* [Material provided]
══════════
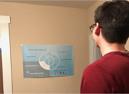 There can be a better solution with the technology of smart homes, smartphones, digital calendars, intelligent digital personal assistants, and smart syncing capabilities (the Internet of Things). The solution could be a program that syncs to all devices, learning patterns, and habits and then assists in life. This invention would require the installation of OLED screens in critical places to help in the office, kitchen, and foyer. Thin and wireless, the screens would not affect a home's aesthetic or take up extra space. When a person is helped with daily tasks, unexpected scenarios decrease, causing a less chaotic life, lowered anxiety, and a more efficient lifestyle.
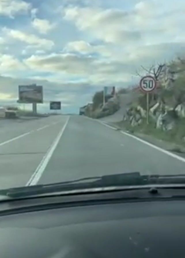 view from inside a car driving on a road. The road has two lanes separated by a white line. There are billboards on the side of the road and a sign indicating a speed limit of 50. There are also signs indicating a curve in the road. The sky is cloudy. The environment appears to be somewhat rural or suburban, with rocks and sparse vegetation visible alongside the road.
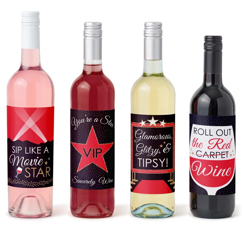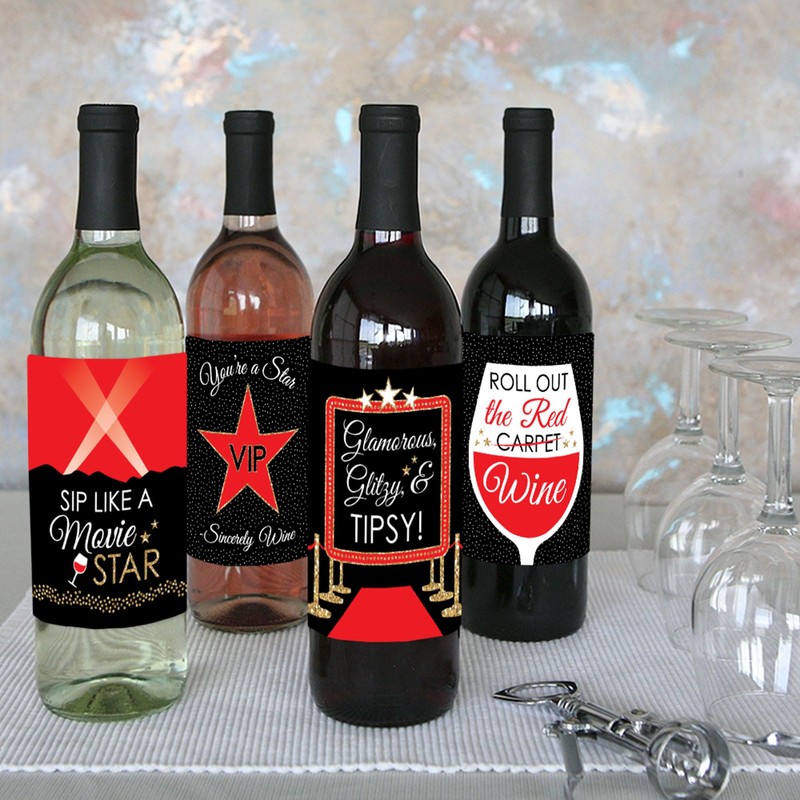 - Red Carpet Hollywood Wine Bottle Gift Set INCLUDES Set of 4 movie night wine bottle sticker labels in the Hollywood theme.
══════════
* [Assignment] The response should hold only an exact retyping of the lines from the beginning of the data through the line containing "view from inside", both ends kept, pictures omitted.

* [Response to the task]
 There can be a better solution with the technology of smart homes, smartphones, digital calendars, intelligent digital personal assistants, and smart syncing capabilities (the Internet of Things). The solution could be a program that syncs to all devices, learning patterns, and habits and then assists in life. This invention would require the installation of OLED screens in critical places to help in the office, kitchen, and foyer. Thin and wireless, the screens would not affect a home's aesthetic or take up extra space. When a person is helped with daily tasks, unexpected scenarios decrease, causing a less chaotic life, lowered anxiety, and a more efficient lifestyle.
 view from inside a car driving on a road. The road has two lanes separated by a white line. There are billboards on the side of the road and a sign indicating a speed limit of 50. There are also signs indicating a curve in the road. The sky is cloudy. The environment appears to be somewhat rural or suburban, with rocks and sparse vegetation visible alongside the road.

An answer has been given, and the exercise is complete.